DrTimothyAldenDavis commented 2 years ago

NCHOLESKY true means "do not compile with the Cholesky module" (N for negation, like NDEBUG for assert.h). So if the folder Cholesky has been deleted (or renamed), then I set NCHOLESKY to be true, which then disables the build of the Cholesky module. The code gets -DNCHOLESKY=1 and then even if compiled, all the codes in CHOLMOD/Cholesky get turned off, with

#ifndef NCHOLESKY
... all the code here ...
#endif

I've clarified it with comments and simplified the logic a bit to make it more readable: https://github.com/DrTimothyAldenDavis/SuiteSparse/blob/dev2/CHOLMOD/CMakeLists.txt

I'll do some more testing and call it beta8. Currently that change is only on the dev2 branch.

kiwifb commented 2 years ago

Right! Negative options. I have to redo all my packages with options for that flip.

kiwifb commented 2 years ago

I'll ask another probably annoying question: I am looking at klu but there may be more instances elsewhere. We have

find_package ( CHOLMOD 4.0.0 REQUIRED )

then why do we have section like

if ( CHOLMOD_FOUND )

If you marked CHOLMOD as REQUIRED cmake just stops at the configuration stage if cholmod is not found. So, CHOLMOD_FOUND is always true if you can make it this far. The alternative is that you didn't mean to make cholmod an absolute requirement.

DrTimothyAldenDavis commented 2 years ago

Oops. I think that was a mistake -- I think I added that "REQUIRED" just for testing and didn't mean for it to sneak into the release.

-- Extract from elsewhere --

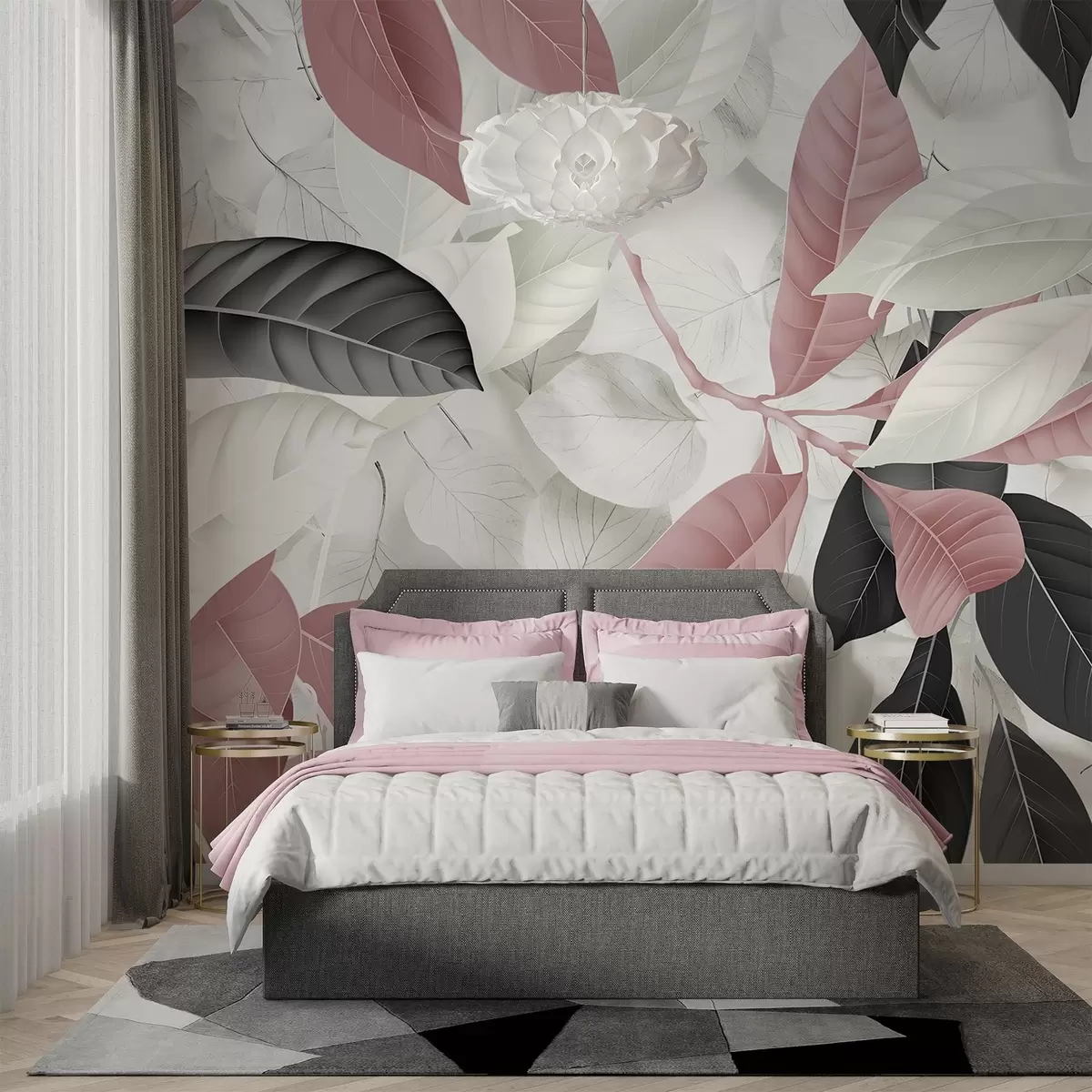 Wall murals Large print of pink and gray leaves against a light leaves textured background, creating a lush tropical feel Nr. w08468

kiwifb commented 2 years ago

I am about done. I currently do not a nvidia gpu handy to do the cuda stuff. So, I have to skip GPUQREngine and SuiteSparse_GPURuntime and the gpu bits of SPQR. The only item on my wish list would be a NOPENMP option to turn it off if I wanted to. Generally a switch for optional stuff in various packages would be good (instead of what we call automagic in packaging circles) but I think we can live with the current state.

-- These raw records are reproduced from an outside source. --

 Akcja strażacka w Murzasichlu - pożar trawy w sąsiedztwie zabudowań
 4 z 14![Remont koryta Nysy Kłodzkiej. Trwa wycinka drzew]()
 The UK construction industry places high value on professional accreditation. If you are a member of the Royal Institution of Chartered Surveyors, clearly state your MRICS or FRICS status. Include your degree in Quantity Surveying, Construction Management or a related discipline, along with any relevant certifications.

DrTimothyAldenDavis commented 2 years ago

Just posted beta8. Added NOPENMP would be pretty simple; I already support the building of the packages when it's not found. I can do a beta9.

kiwifb commented 2 years ago

It would be nice to have NOPENMP in. I otherwise have all my ducks in a row for my packages, and I can easily switch between betas now. Have to include the doc for amd, camd and klu now that you have merged that little fix.

DrTimothyAldenDavis commented 2 years ago

Here you go ... NOPENMP is in place: https://github.com/DrTimothyAldenDavis/SuiteSparse/releases/tag/v6.0.0-beta9 .

With a caveat about thread safety in GraphBLAS that is carefully documented.

kiwifb commented 2 years ago

All working. At the moment I am not doing GraphBLAS as part of suitesparse. I had a go at it as a separate thing and it worked. Since it doesn't need any of the other suitesparse element I am taking its packaging with suitesparse as a convenience.

I am happy with the state of things on my side.

DrTimothyAldenDavis commented 2 years ago

Great! Thanks again for all the valuable feedback.

Yes, GraphBLAS is part of SuiteSparse, in principle, but doesn't rely on any other package, and no other package relies on it. In the future, that will likely change. But for now, your observation is correct, and it can be a separate thing.